Back in Talmine, Lara Gunn, daughter of Frances, is strolling along the strandline with Nell, 22 months, and four-week-old Kit in a sling. She had been working in digital marketing with Lloyds Bank in Bristol and London, but moved home two years ago just before the birth of her daughter.

“I wanted to raise my children here. It is so beautiful and has always felt like home, but my career is too important to me to give it up,” she says. “I am lucky because I can work remotely, but there are many other jobs where that would not be possible.”

Some 3,500 miles away, Suzanne and Richard Mackay are settling into their new life in Petawawa, southern Ontario. “We miss home especially since the pandemic has prevented us from visiting,” Suzanne says on a Zoom call. “But, because there weren’t many young families, we had to make a two-hour round trip to take the children to clubs. Here we have gymnastics and football five minutes from our front door.”

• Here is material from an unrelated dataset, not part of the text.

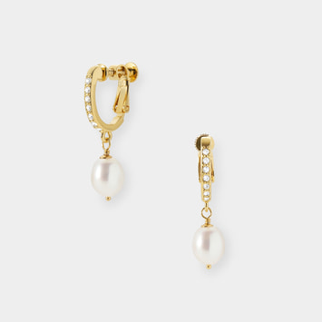 上品な光沢が美しい淡水パールに、カットガラスの輝きを添えたエレガントなイヤリング。

Both of them support efforts to bring the spaceport to Melness. “The potential benefits for the area of having another major employer in science and tech are huge,” Richard says. “We would definitely like to come home some day given the right opportunity.”

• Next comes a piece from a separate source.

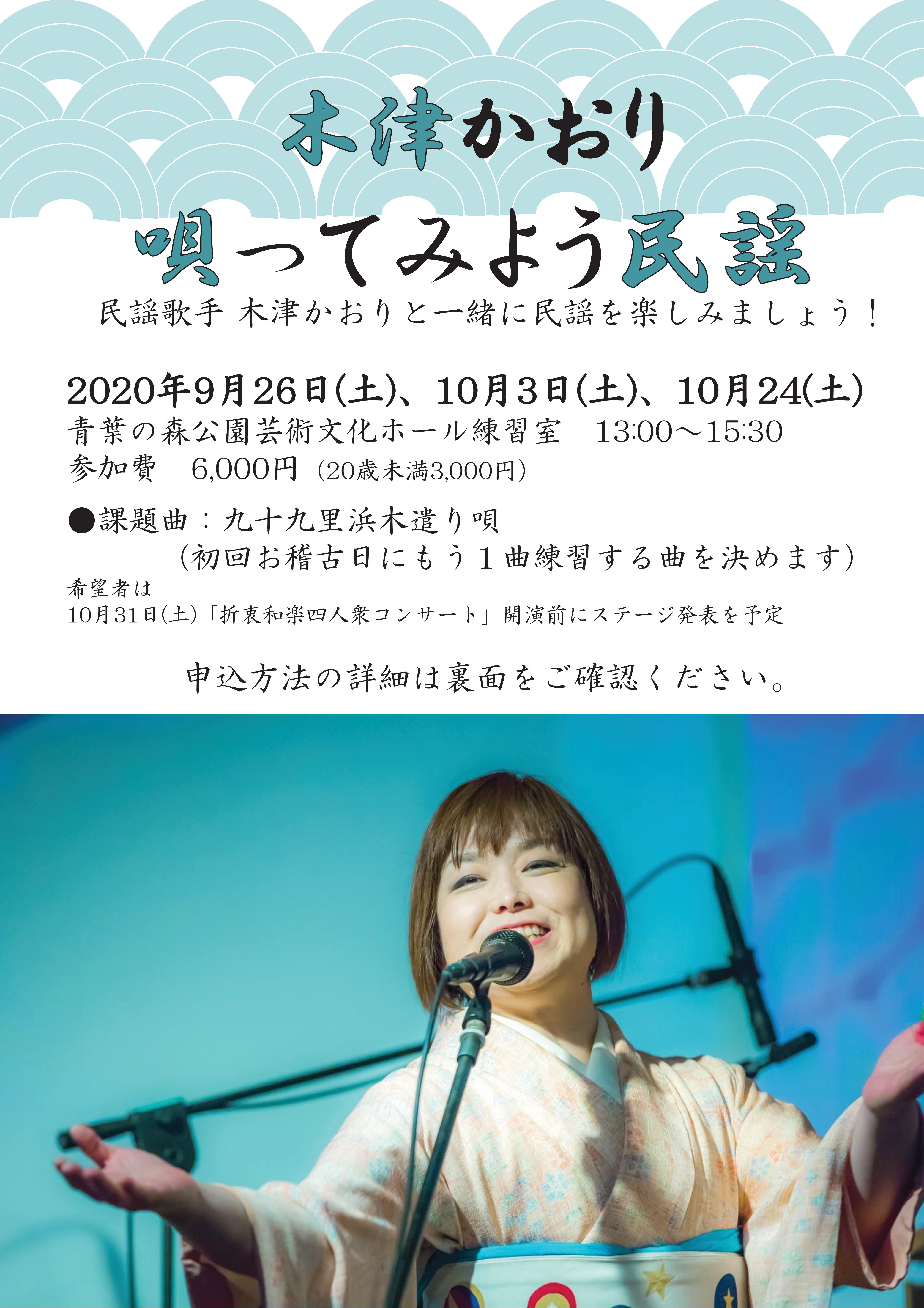 木津かおり 唄ってみよう民謡@青葉の森公園芸術文化ホール<9/26(土曜)・10/3(土曜)・10/24(土曜)>

The space crofters hope the verdicts of the Land Court and the Judicial Review will clear the way for an inaugural rocket launch next year. It is an event that will require careful planning. Space travel tends to capture the public imagination. It is likely to draw a large crowd.

The final frontier. So long as it is done sustainably, Pritchard too regards rockets soaring into orbit from the Mhoine as a source of wonder and a potential salvation.

“Some people want to preserve the world in aspic,” she says, “but a place that is bereft of its people has lost its soul. We can’t stand still and let our community die. We have to look to the future.”